* _DATASET_
--
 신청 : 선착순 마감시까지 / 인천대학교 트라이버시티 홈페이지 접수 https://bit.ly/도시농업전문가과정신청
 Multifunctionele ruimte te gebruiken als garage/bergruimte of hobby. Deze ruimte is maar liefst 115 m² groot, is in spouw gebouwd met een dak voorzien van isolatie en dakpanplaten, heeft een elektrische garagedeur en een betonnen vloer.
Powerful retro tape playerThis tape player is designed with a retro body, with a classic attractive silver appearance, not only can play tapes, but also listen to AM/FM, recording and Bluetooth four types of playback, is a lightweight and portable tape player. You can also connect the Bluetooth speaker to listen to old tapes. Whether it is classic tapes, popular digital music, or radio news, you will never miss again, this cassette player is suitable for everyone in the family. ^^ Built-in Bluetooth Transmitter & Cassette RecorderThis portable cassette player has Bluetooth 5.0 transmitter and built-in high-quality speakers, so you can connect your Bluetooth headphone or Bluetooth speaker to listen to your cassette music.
--
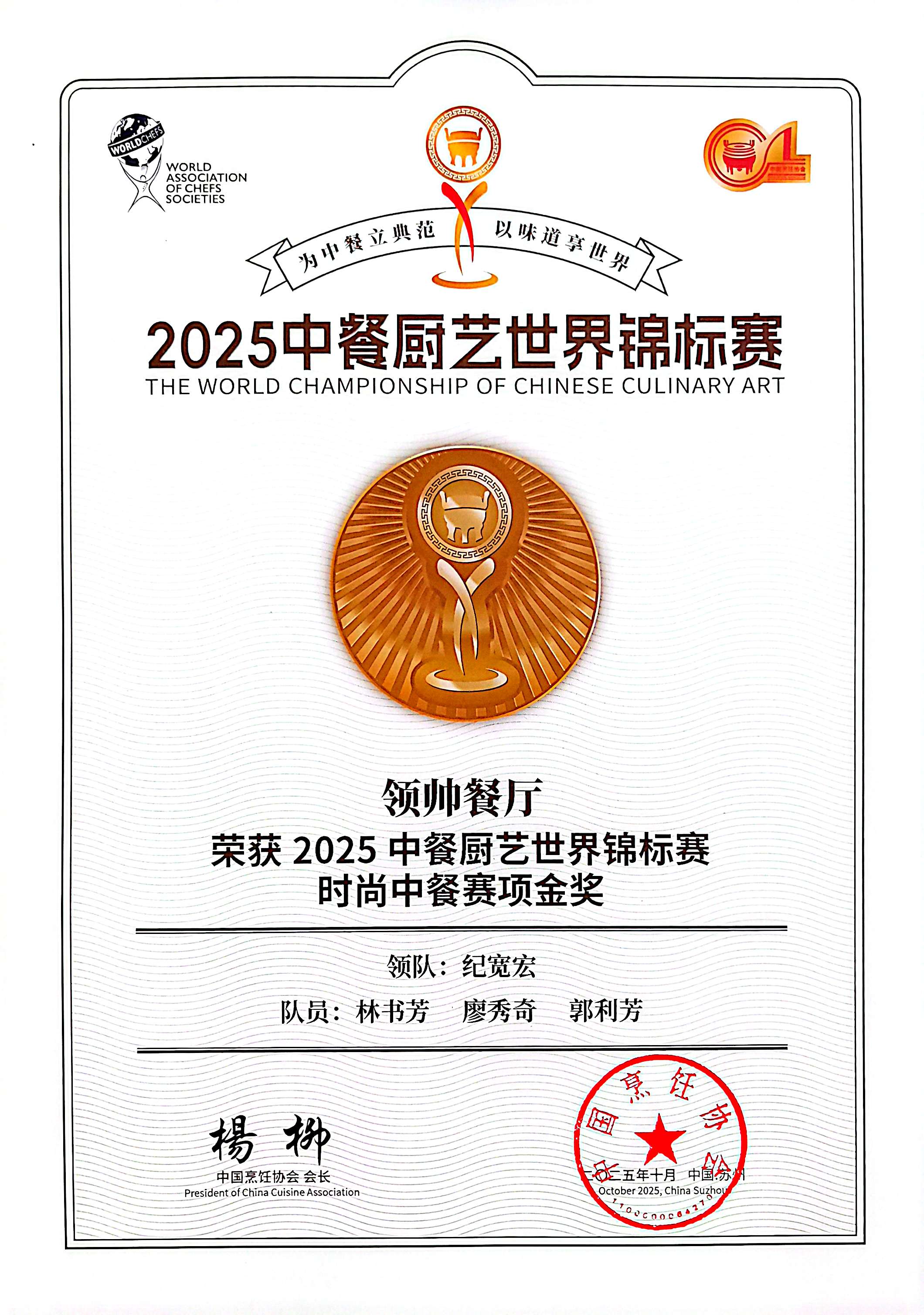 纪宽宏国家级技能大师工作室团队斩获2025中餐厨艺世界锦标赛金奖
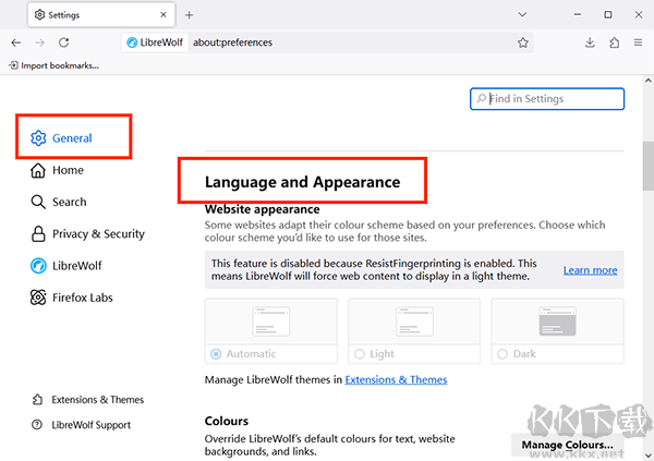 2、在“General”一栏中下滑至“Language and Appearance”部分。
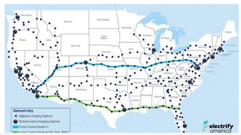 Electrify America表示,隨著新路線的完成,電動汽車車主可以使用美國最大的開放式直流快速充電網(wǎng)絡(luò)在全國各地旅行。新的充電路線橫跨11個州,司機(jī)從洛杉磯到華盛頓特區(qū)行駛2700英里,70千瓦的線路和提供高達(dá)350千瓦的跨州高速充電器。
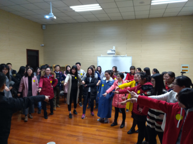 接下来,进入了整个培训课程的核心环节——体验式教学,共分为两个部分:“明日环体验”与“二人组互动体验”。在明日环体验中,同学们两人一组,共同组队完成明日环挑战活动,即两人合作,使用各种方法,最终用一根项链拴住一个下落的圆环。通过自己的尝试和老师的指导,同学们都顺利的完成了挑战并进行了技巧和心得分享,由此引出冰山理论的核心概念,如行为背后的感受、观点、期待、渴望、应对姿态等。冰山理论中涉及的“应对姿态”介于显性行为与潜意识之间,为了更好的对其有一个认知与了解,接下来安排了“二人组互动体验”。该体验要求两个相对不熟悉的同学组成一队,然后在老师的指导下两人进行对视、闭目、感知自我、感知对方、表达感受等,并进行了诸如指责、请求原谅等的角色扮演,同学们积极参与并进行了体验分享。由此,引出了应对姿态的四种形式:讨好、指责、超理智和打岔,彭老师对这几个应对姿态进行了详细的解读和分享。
--
* _WORK ITEM_
In the listing above, find the line containing "신청 : 선착순 마감시까지" and the line containing "Multifunctionele ruimte te", then retype both and every line between them exactly, with nothing else.

* _ANSWER SECTION_
 신청 : 선착순 마감시까지 / 인천대학교 트라이버시티 홈페이지 접수 https://bit.ly/도시농업전문가과정신청
 Multifunctionele ruimte te gebruiken als garage/bergruimte of hobby. Deze ruimte is maar liefst 115 m² groot, is in spouw gebouwd met een dak voorzien van isolatie en dakpanplaten, heeft een elektrische garagedeur en een betonnen vloer.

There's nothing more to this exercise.